Lately, we have seen a growing popularity of the Bitcoin, a new digital currency for making payments on the internet. Over the last year the value of the Bitcoin has exploded. While in Januari 2013 one Bitcoin would cost $ 13, on December 4th the quotation tipped the level of $ 1200, which reflects a gain up to 10,000 per cent. Soon after, however, the quotation collapsed to $ 850, which in turn demonstrates the Bitcoin’s incapability of functioning as a stable currency.
I’m inclined to say that these are startup problems rather than fundamental problems. In my view the fluctuations of the Bitcoin quotation are to be attributed to the inconsistent and ambiguous responses of financial authorities, governments and representatives of the financial sector. They simply don’t seem to know how to cope with this new technology.
So what’s so special about the Bitcoin? In contrast with common electronic banking and credit card payments the Bitcoin is a peer-to-peer solution, which doesn’t require a third party to administer, to check and to confirm the transfer of money. Instead, the money is directly transferred from one account to the other. So, we don’t need banks anymore. Since these days many people are fed up with banks and their inferior products, their bonuses and the billions of tax dollars that were needed to prevent the financial sector from collapsing, the Bitcoin offers an attractive alternative. But if no banks are involved, who then administers the transactions? The answer is: the administration is covered by the network of participants, actually by their computers. Each time when a transaction is proposed it is broadcast in the network and checked by multiple other computers in the network. This is all done in an anonymous way: each of these computers receive a series of meaningless digits, which they have to process according to a standard processing algorithm.
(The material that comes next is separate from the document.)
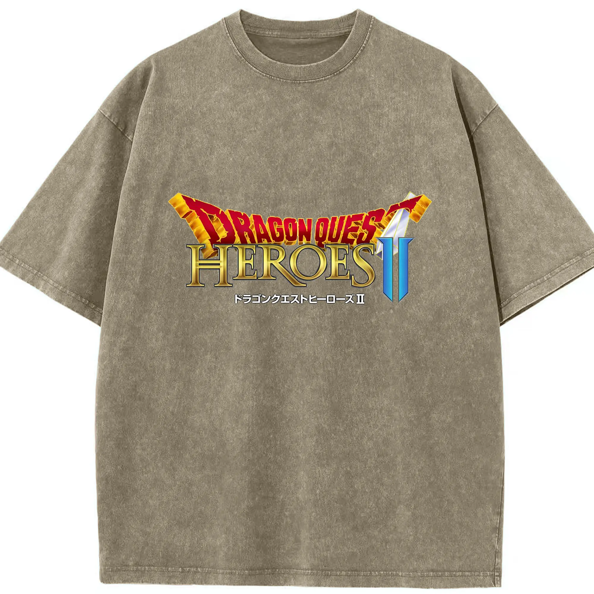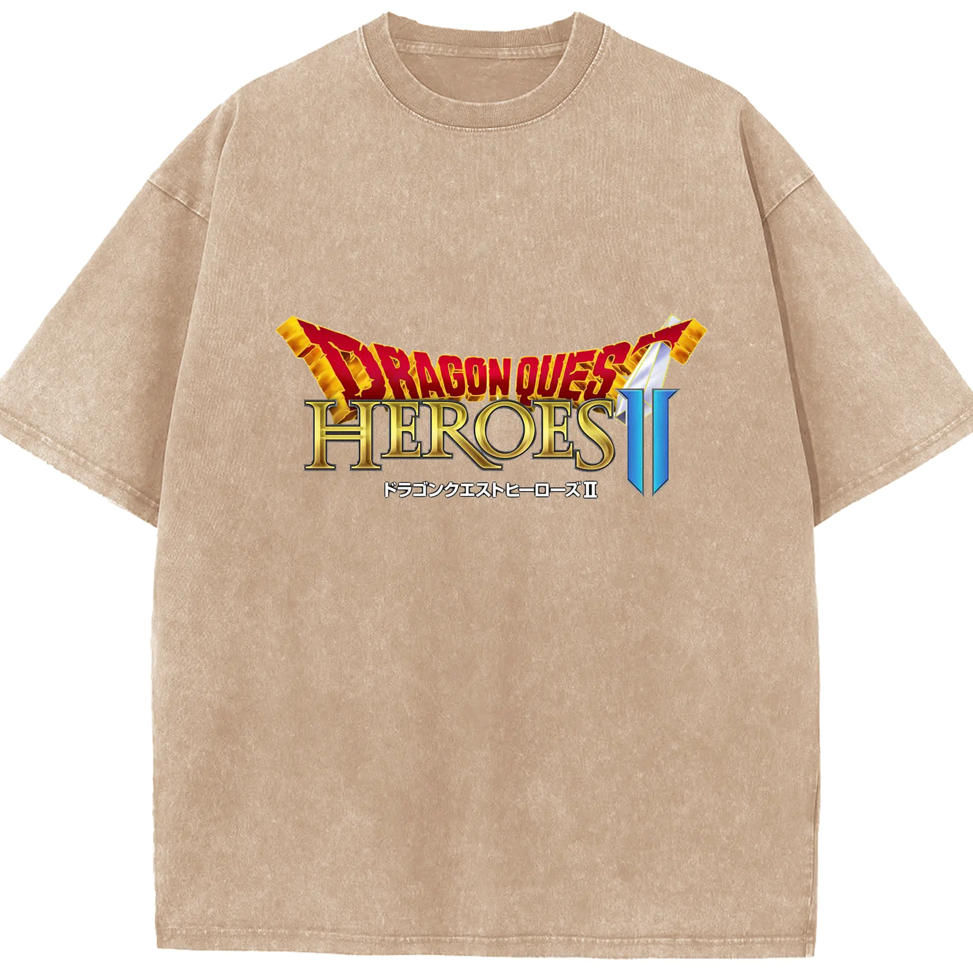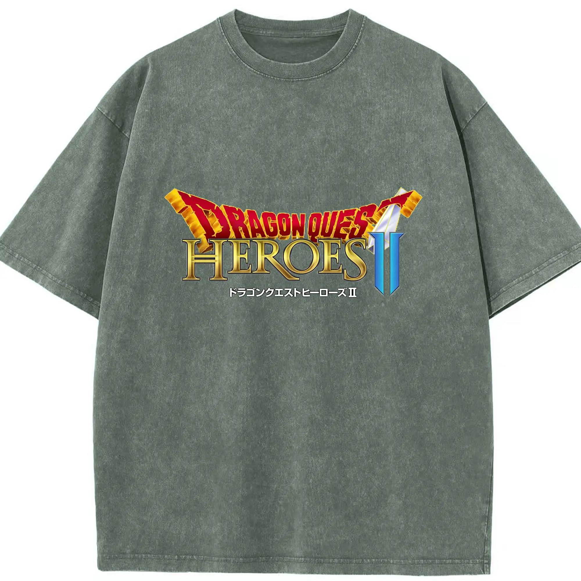ドラゴンクエスト シンプルロゴ - 綿100% ヴィンテージ風 半袖Tシャツ ・ フロントプリント ・ 柔らか肌触り ・ 通気性 快適 ・ スポーツ カジュアル 外出用

After a few minutes the results of all calculations are combined to decide about the correctness of the transfer, e.q. checking if the accounts are true accounts, if the digital signatures are okay, if the sender is the true owner of the bitcoins to be transferred, if these bitcoins haven’t been transferred before, and so on. If the calculation matches, the transaction is confirmed and effected. Altogether it means that the administration of the currency is fully distributed over the network, which thus acts as a self-organised system. It means that the administration is not at a particular location in the network but virtually everywhere.
The idea of self-organisation is an inherent difficult thing to grasp. It is very similar to what happens when many starlings group together to produce these fascinating dynamics patterns in the evening sky. No single starling is leading the flock, directing and synchronising it to produce the patterns. None of the starlings are even aware of the patterns they produce. Instead the patterns are the collective result of very simple individual behaviours that are guided by a simple rule: keep close to your neighbour.
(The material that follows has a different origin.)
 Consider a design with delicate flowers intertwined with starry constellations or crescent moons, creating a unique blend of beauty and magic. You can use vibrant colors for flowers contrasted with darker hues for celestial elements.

It seems that financial authorities hardly understand what’s going on. The European Central Bank (ECB) wrote an interesting report about electronic currency, be it a bit defensive. Generally the ECB qualifies the Bitcoin as an interesting financial innovation, but it is worried about the lack of supervision. The FED, which is the Central Bank of the USA, likewise qualifies the Bitcoin as a remarquable and promising new technology; it even suggests that it could be used as an official currency by banks and governments. Chinese authorities first embraced the Bitcoin (which led to a strong increase of the quotation), but soon after the Central Bank of China as well as other countries banned it (which made the quotation collapse). The Dutch government explained that the Bitcoin is neither a currency nor a financial service, because the law requires that there is a party that is responsible for the currency! Obviously, this party is lacking: the Bitcoin is a self-organised network system. It seems the authorities have a hard time, when they cannot see who is responsible. We’ve have seen this impotence before with the peer-to-peer music services of Napster, and more recently with Kazaa and Bittorrents. Today the Bitcoin currency is challenging the system. It seems that current legislation and financial institutions aren’t prepared for emerging 21st century technologies.
The Bitcoin has many characteristics that would make it a perfect currency: it is accepted as a means of exchange; there is a controlled and very limited influx of new new Bitcoins; all transactions are unambiguously checked; no banks are needed as intermediaries; no small print; transfers are fast, efficient and cheap; geografic boundaries become irrelevent; as the system is open source software, anyone can inspect the safety level of encryption. Also it warrants anonimity. Although governments claim to strengthen privacy regulations, the anonimity offered by the Bitcoin is perceived as one of its greatest threads, because it would greatly support criminals to do their arms trading, human and drug trafficking, and money laundering without being tracked.
Just like other peer-to-peer solutions currencies like the Bitcoin will make there way to the market. Authorities should accept the idea of self-organised systems and create the conditions for its use rather than cling on to existing models.